(Beginning of Given data)

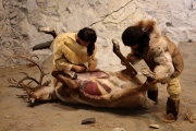 A group of three caves in Yukon Territory which contained stone and bone tools and apparently butchered horse, bison, and caribou. The oldest evidence (widely accepted) dates to around 13,000 years, probably belonging to the palaeoarctic culture. Lower layers of artifacts go back as far as 25,000 years, but with very limited evidence of human presence - difficult to clearly interpret and obviously controversial. Photo: The Bluefish Caves exhibit at the Yukon Beringia Interpretive Centre in Whitehorse.
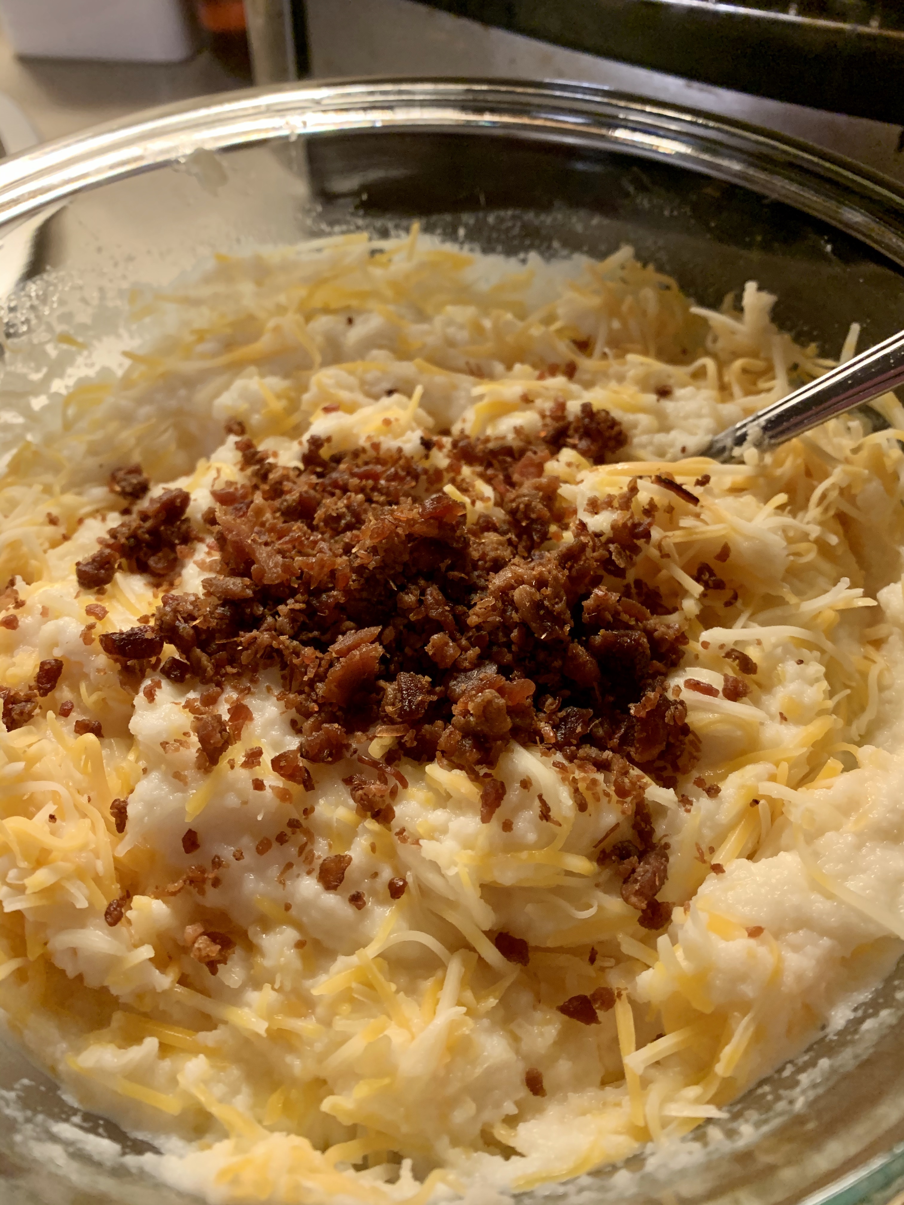 - Add shredded cheese and bacon bits to pre-made mashed potatoes. Top the meat and veggies with the mashed potatoes, and try to smooth out as evenly as possible. Sprinkle extra cheese on top if you’re feeling it.
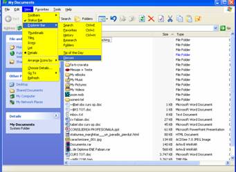 Observatii lector: pentru a efectua operatiile mentionate in continuare (redimensionare, mutare, derulare) fiecare cursant va trebui sa aiba pe ecran o fereastra (My Documents) care trebuie sa fie de dimensiuni reduse - nu maximizata (Restore).
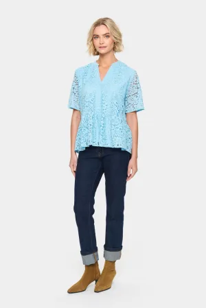 Blouse met korte mouwen Regular fit Airy Blue light blue
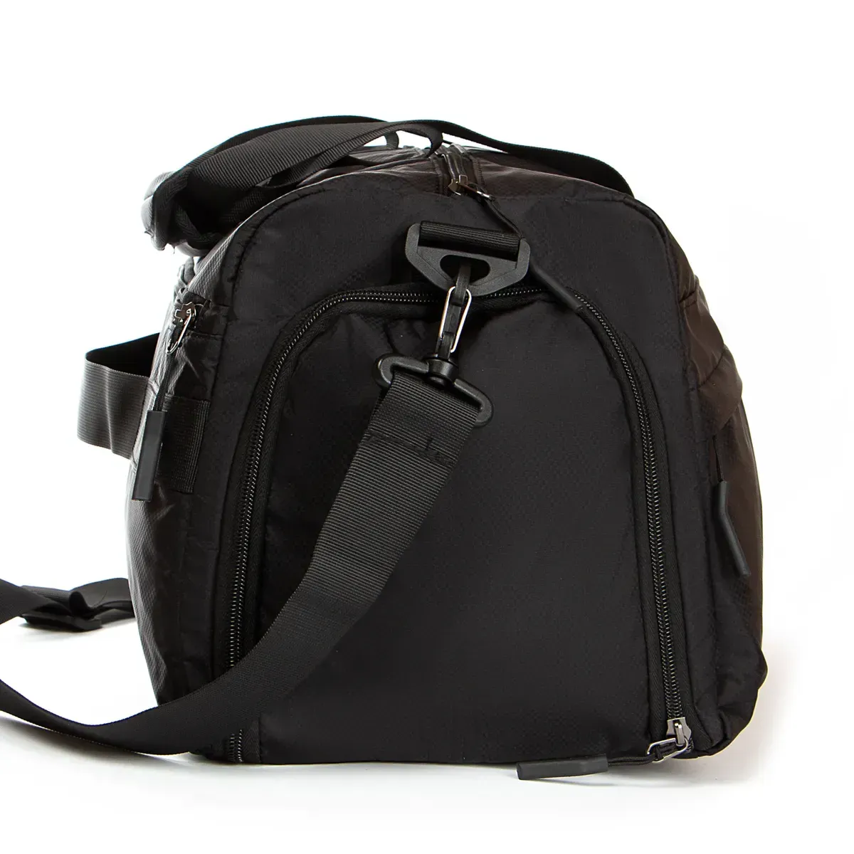 Чоловіча дорожня/спортивна сумка Lanpad. Одне відділення закривається на блискавку. Усередині відділення є кишеня на блискавці та подвійна відкрита кишеня. На фасаді знаходиться кишеня на блискавці. На звороті розташована велика кишеня на блискавці з герметичною підкладкою. На торцях сумки розташовані кишеня для взуття та відкрита кишеня. Регульований плечовий ремінь, шириною 4см. Розмір (див.) 45*25*25
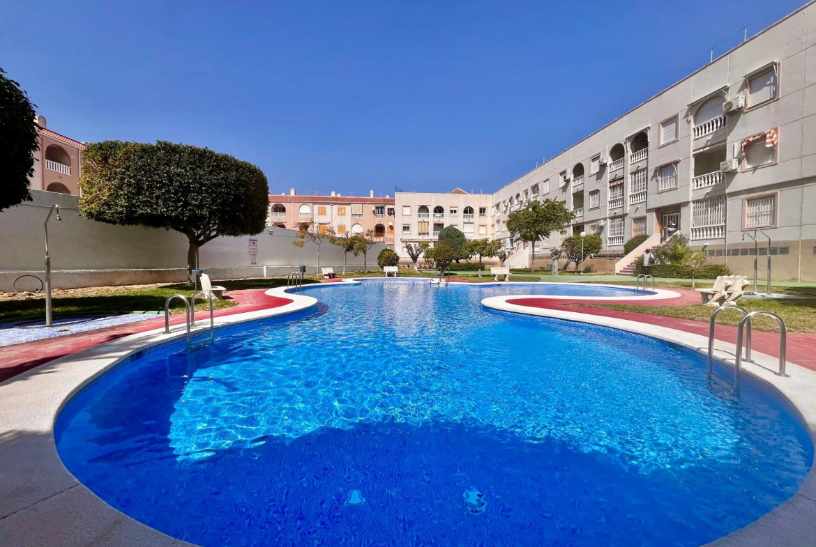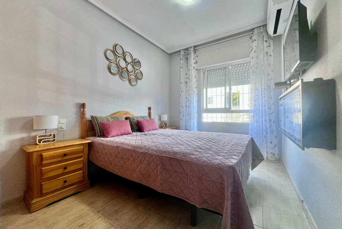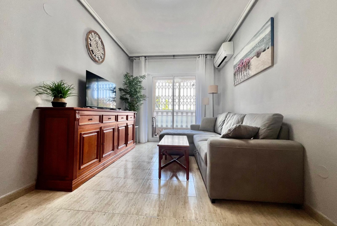 Se vende acogedor apartamento en planta baja con terraza privada y agradables vistas despejadas a la calle, ideal para disfrutar del clima mediterráneo durante todo el año.~~La vivienda cuenta con 2 dormitorios, 1 baño completo, cocina francesa totalmente equipada y un luminoso salón-comedor con acceso directo a la terraza, creando un espacio perfecto tanto para el descanso como para reuniones en familia o con amigos. Se encuentra en muy buen estado de conservación, lista para entrar a vivir, y se vende completamente amueblada. Además, dispone de 3 equipos de aire acondicionado que garantizan el confort en cualquier época del año.~~Ubicado en el residencial Godisa XVI, el edificio ofrece excelentes zonas comunes, incluyendo una bonita piscina comunitaria rodeada de zonas verdes y un solárium comunitario ideal para relajarse y tomar el sol.~~La zona es uno de sus grandes atractivos: con fácil aparcamiento durante todo el año y rodeado de todos los servicios necesarios como tiendas, supermercados, centro de salud, parques y zonas de ocio. Además, se encuentra a escasos minutos de la Playa del Acequión, una playa tranquila y perfecta para disfrutar en familia, con paseo marítimo, restaurantes y un ambiente relajado durante todo el año.~~Una excelente oportunidad tanto como vivienda habitual, segunda residencia o inversión.
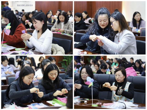活动在轻松愉悦的氛围中拉开帷幕。浦发银行特邀专业花艺师现场指导,带领女性教职工体验“DIY郁金香花束制作”。在花艺师细致讲解与示范下,大家兴致勃勃地投入创作。教职工们用扭扭棒、丝带等材料制作出形态生动的郁金香花束,寓意“幸福与永恒”。不一会儿,一束束色彩斑斓、独具匠心的郁金香花束在她们手中绽放,传递着春天的温暖与节日的美好祝福。
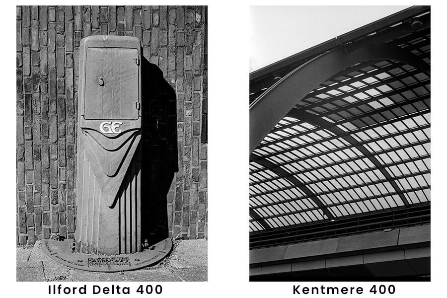 The Ilford Delta 400 image above was shot in great light conditions, resulting in a high contrast image, while the Kentmere image was shot on a cloudy day, which results in a lower contrast. Given the circumstances, I would qualify it as a medium contrast film.
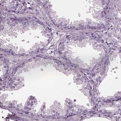 - Immunohistochemical staining of TPPP2 in human prostate using TPPP2 Polyclonal Antibody (Product # PA5-52055) shows low expression as expected.
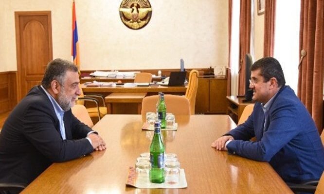 Qondarma qurumun “prezidenti” Arayik Arutyunyan sentyabrın 8-də Rusiyadan Qarabağa köçən Ruben Vardanyanla görüşüb.
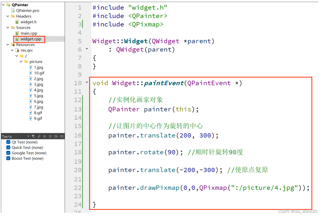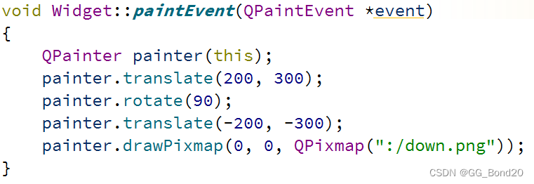 图片的旋转使用的是 QPainter类 中的 rotate()函数,默认是以原点为中心进行旋转的。若要改变旋转的中心,可以使用translate()函数完成
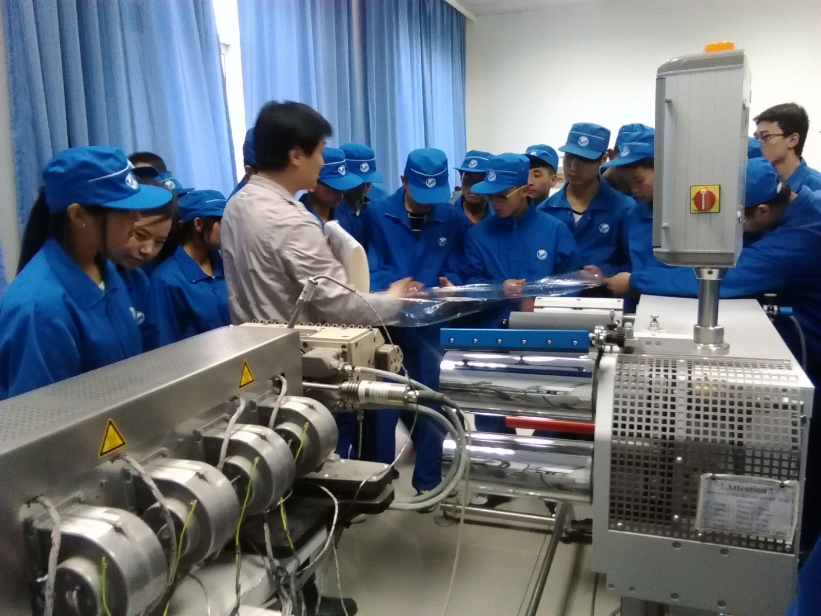 4月1日,石油化学工程系组织2015级高聚物生产专业学生在中石油兰州化工研究院聚烯烃研究所学习,企业兼职教师分别对聚乙烯聚合工艺、聚合物材料挤出吹膜等加工过程和聚合物材料分析检测等内容进行现场教学,并结合高聚物合成与加工综合实训基地教学,形成富有本专业实训特色的实训教学体系,极大地提高了教学效果。
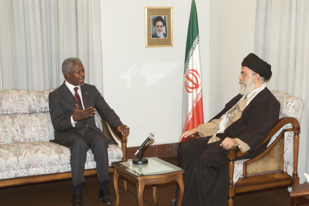 Mr. Annan (left) meets with Ayatollah Ali Khamenei, Supreme Leader of the Islamic Republic of Iran.
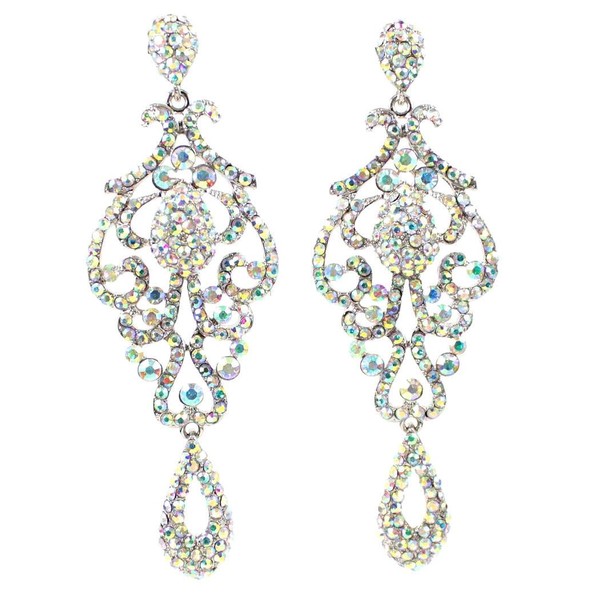 You are looking at stunning dangle chandelier earrings. Sparkling first class AB white Genuine Austrian Rhinestones are set on a beautiful silver tone metal. These earrings shine a lot! Thanks for looking!
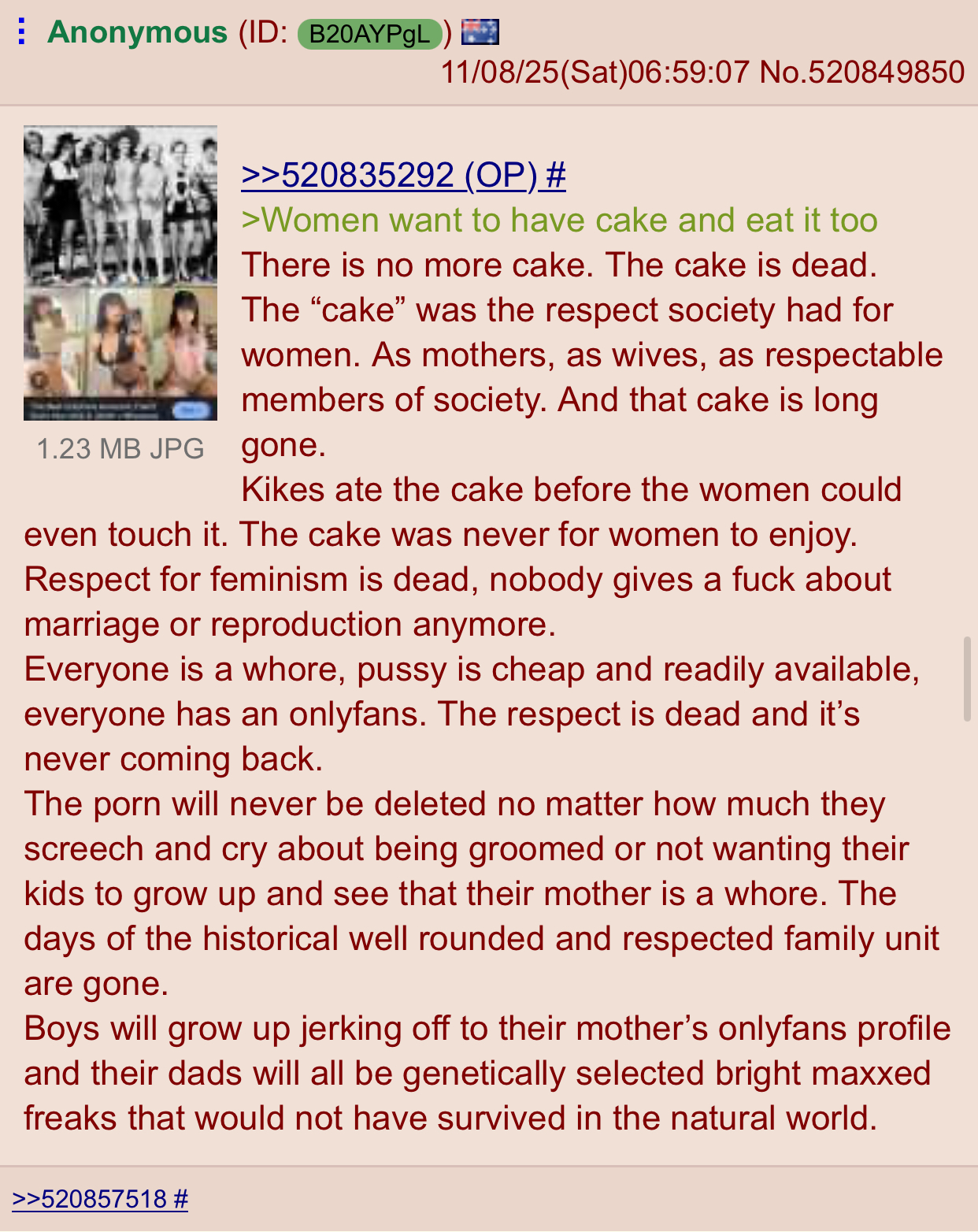 >>528288743>Relationship experts respond with;>men just need to lower their standards and the issue will correct itself.>What do you respond here?Lower the standards how much? Find a fat 45 year old drug addict mother with 3 nigger kids? You know it may be difficult for men to find a relationship but they also have some self-respect and some healthy ego. They are human beings too. We already have lowered our standards more than women deserve but to live a miserable life just for the sake of having a relationship and fucking a hole is way too much.Have experts thought another possibility? That maybe it's not the fault of men for being incels and maybe women have bigger standards than they deserve? Or is this a sexist take and shouldn't be allowed to be discussed?
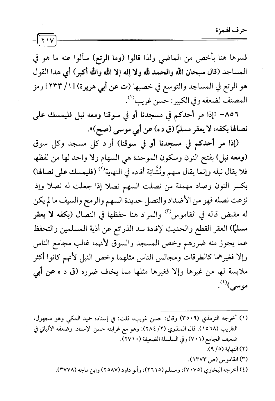 856 - " إذا مر أحدكم في مسجدنا أو في سوقنا ومعه نبل فليمسك على نصالها بكفه, لا يعقر مسلمًا (ق د هـ) عن أبي موسى (صح) ".
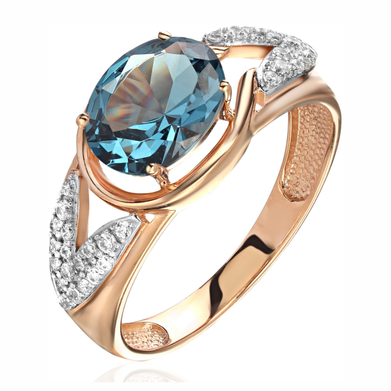 Кольцо из красного золота 585 пробы с наноситал топазом и фианитами 01К2115347-2

(End of Given data)

What the task requires
Repeat, exactly and in full, all the material above except its pictures.

Output for this exercise
 A group of three caves in Yukon Territory which contained stone and bone tools and apparently butchered horse, bison, and caribou. The oldest evidence (widely accepted) dates to around 13,000 years, probably belonging to the palaeoarctic culture. Lower layers of artifacts go back as far as 25,000 years, but with very limited evidence of human presence - difficult to clearly interpret and obviously controversial. Photo: The Bluefish Caves exhibit at the Yukon Beringia Interpretive Centre in Whitehorse.
 - Add shredded cheese and bacon bits to pre-made mashed potatoes. Top the meat and veggies with the mashed potatoes, and try to smooth out as evenly as possible. Sprinkle extra cheese on top if you’re feeling it.
 Observatii lector: pentru a efectua operatiile mentionate in continuare (redimensionare, mutare, derulare) fiecare cursant va trebui sa aiba pe ecran o fereastra (My Documents) care trebuie sa fie de dimensiuni reduse - nu maximizata (Restore).
 Blouse met korte mouwen Regular fit Airy Blue light blue
 Чоловіча дорожня/спортивна сумка Lanpad. Одне відділення закривається на блискавку. Усередині відділення є кишеня на блискавці та подвійна відкрита кишеня. На фасаді знаходиться кишеня на блискавці. На звороті розташована велика кишеня на блискавці з герметичною підкладкою. На торцях сумки розташовані кишеня для взуття та відкрита кишеня. Регульований плечовий ремінь, шириною 4см. Розмір (див.) 45*25*25
 Se vende acogedor apartamento en planta baja con terraza privada y agradables vistas despejadas a la calle, ideal para disfrutar del clima mediterráneo durante todo el año.~~La vivienda cuenta con 2 dormitorios, 1 baño completo, cocina francesa totalmente equipada y un luminoso salón-comedor con acceso directo a la terraza, creando un espacio perfecto tanto para el descanso como para reuniones en familia o con amigos. Se encuentra en muy buen estado de conservación, lista para entrar a vivir, y se vende completamente amueblada. Además, dispone de 3 equipos de aire acondicionado que garantizan el confort en cualquier época del año.~~Ubicado en el residencial Godisa XVI, el edificio ofrece excelentes zonas comunes, incluyendo una bonita piscina comunitaria rodeada de zonas verdes y un solárium comunitario ideal para relajarse y tomar el sol.~~La zona es uno de sus grandes atractivos: con fácil aparcamiento durante todo el año y rodeado de todos los servicios necesarios como tiendas, supermercados, centro de salud, parques y zonas de ocio. Además, se encuentra a escasos minutos de la Playa del Acequión, una playa tranquila y perfecta para disfrutar en familia, con paseo marítimo, restaurantes y un ambiente relajado durante todo el año.~~Una excelente oportunidad tanto como vivienda habitual, segunda residencia o inversión.
活动在轻松愉悦的氛围中拉开帷幕。浦发银行特邀专业花艺师现场指导,带领女性教职工体验“DIY郁金香花束制作”。在花艺师细致讲解与示范下,大家兴致勃勃地投入创作。教职工们用扭扭棒、丝带等材料制作出形态生动的郁金香花束,寓意“幸福与永恒”。不一会儿,一束束色彩斑斓、独具匠心的郁金香花束在她们手中绽放,传递着春天的温暖与节日的美好祝福。
 The Ilford Delta 400 image above was shot in great light conditions, resulting in a high contrast image, while the Kentmere image was shot on a cloudy day, which results in a lower contrast. Given the circumstances, I would qualify it as a medium contrast film.
 - Immunohistochemical staining of TPPP2 in human prostate using TPPP2 Polyclonal Antibody (Product # PA5-52055) shows low expression as expected.
 Qondarma qurumun “prezidenti” Arayik Arutyunyan sentyabrın 8-də Rusiyadan Qarabağa köçən Ruben Vardanyanla görüşüb.
 图片的旋转使用的是 QPainter类 中的 rotate()函数,默认是以原点为中心进行旋转的。若要改变旋转的中心,可以使用translate()函数完成
 4月1日,石油化学工程系组织2015级高聚物生产专业学生在中石油兰州化工研究院聚烯烃研究所学习,企业兼职教师分别对聚乙烯聚合工艺、聚合物材料挤出吹膜等加工过程和聚合物材料分析检测等内容进行现场教学,并结合高聚物合成与加工综合实训基地教学,形成富有本专业实训特色的实训教学体系,极大地提高了教学效果。
 Mr. Annan (left) meets with Ayatollah Ali Khamenei, Supreme Leader of the Islamic Republic of Iran.
 You are looking at stunning dangle chandelier earrings. Sparkling first class AB white Genuine Austrian Rhinestones are set on a beautiful silver tone metal. These earrings shine a lot! Thanks for looking!
 >>528288743>Relationship experts respond with;>men just need to lower their standards and the issue will correct itself.>What do you respond here?Lower the standards how much? Find a fat 45 year old drug addict mother with 3 nigger kids? You know it may be difficult for men to find a relationship but they also have some self-respect and some healthy ego. They are human beings too. We already have lowered our standards more than women deserve but to live a miserable life just for the sake of having a relationship and fucking a hole is way too much.Have experts thought another possibility? That maybe it's not the fault of men for being incels and maybe women have bigger standards than they deserve? Or is this a sexist take and shouldn't be allowed to be discussed?
 856 - " إذا مر أحدكم في مسجدنا أو في سوقنا ومعه نبل فليمسك على نصالها بكفه, لا يعقر مسلمًا (ق د هـ) عن أبي موسى (صح) ".
 Кольцо из красного золота 585 пробы с наноситал топазом и фианитами 01К2115347-2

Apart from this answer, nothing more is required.